**What you need to do**
Would you output the entries below only from the line containing "① 発熱性好中球減少症(FN):DTX 単独療法と比較して,Ramucirumab" through the line containing "Mulberry paper flowers are", exactly as they stand and with both ends included?

**Available data**
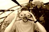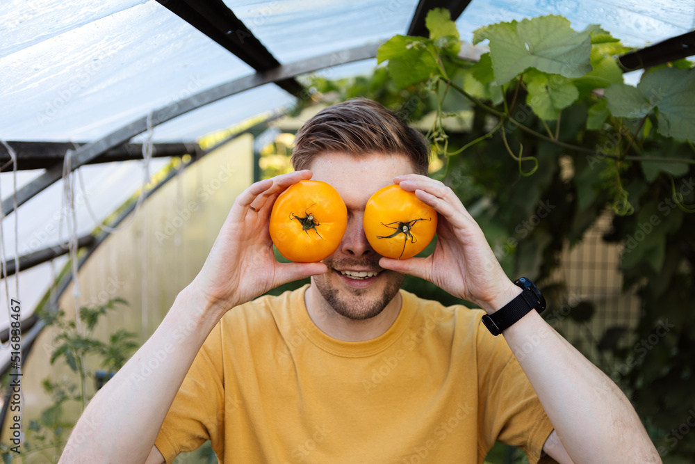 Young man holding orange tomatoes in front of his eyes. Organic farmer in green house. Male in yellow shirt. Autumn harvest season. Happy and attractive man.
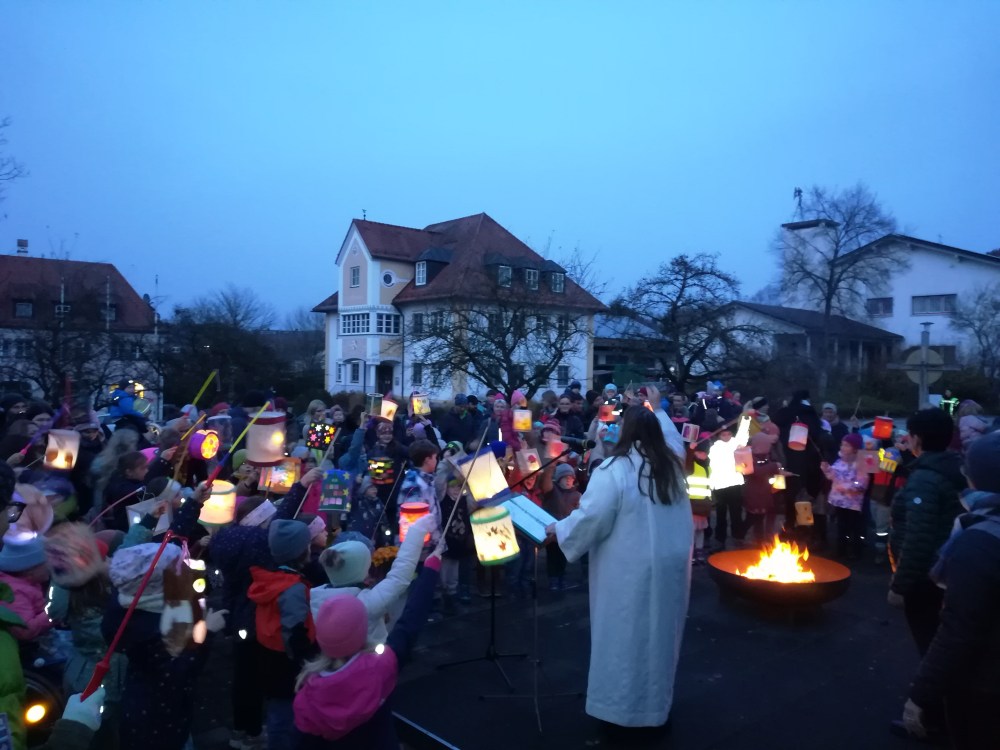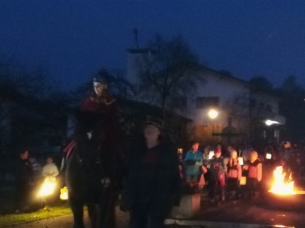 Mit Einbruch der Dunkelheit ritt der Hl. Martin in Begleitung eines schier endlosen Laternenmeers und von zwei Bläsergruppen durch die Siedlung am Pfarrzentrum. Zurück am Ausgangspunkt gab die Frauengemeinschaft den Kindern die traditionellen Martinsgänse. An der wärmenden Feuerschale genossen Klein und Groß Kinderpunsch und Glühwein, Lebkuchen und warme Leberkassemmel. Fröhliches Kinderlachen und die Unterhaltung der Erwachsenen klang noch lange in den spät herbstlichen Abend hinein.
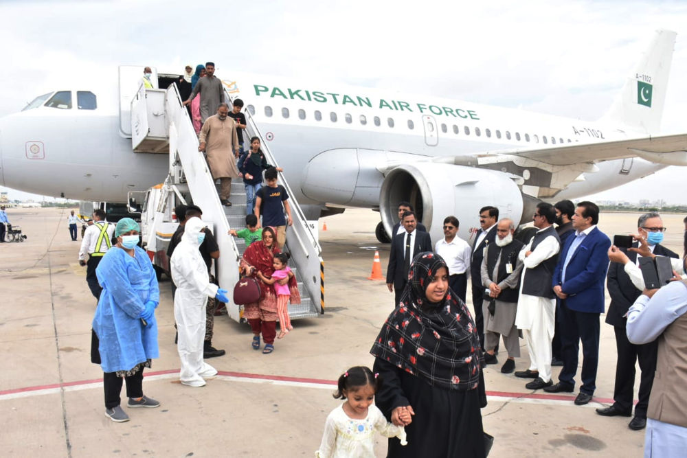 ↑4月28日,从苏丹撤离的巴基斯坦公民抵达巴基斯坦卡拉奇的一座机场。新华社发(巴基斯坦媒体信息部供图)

* * *

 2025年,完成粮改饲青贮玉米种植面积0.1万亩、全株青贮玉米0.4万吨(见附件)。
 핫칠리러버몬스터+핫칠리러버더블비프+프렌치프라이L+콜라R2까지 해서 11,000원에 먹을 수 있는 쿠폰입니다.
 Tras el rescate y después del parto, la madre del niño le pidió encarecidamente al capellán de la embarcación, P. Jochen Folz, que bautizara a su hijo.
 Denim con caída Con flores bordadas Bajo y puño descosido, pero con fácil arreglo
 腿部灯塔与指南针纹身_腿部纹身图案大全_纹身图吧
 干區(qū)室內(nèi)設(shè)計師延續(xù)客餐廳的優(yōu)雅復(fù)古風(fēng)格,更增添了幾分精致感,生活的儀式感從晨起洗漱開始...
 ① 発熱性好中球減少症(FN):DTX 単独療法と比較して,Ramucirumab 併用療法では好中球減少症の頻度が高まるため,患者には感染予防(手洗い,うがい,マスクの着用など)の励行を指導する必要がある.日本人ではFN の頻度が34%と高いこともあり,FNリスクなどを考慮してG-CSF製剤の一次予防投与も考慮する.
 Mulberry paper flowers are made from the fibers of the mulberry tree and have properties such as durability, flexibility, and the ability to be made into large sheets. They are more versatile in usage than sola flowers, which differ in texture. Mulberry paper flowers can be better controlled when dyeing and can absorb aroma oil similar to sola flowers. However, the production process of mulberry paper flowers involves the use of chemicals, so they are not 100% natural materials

**Response below**
 ① 発熱性好中球減少症(FN):DTX 単独療法と比較して,Ramucirumab 併用療法では好中球減少症の頻度が高まるため,患者には感染予防(手洗い,うがい,マスクの着用など)の励行を指導する必要がある.日本人ではFN の頻度が34%と高いこともあり,FNリスクなどを考慮してG-CSF製剤の一次予防投与も考慮する.
 Mulberry paper flowers are made from the fibers of the mulberry tree and have properties such as durability, flexibility, and the ability to be made into large sheets. They are more versatile in usage than sola flowers, which differ in texture. Mulberry paper flowers can be better controlled when dyeing and can absorb aroma oil similar to sola flowers. However, the production process of mulberry paper flowers involves the use of chemicals, so they are not 100% natural materials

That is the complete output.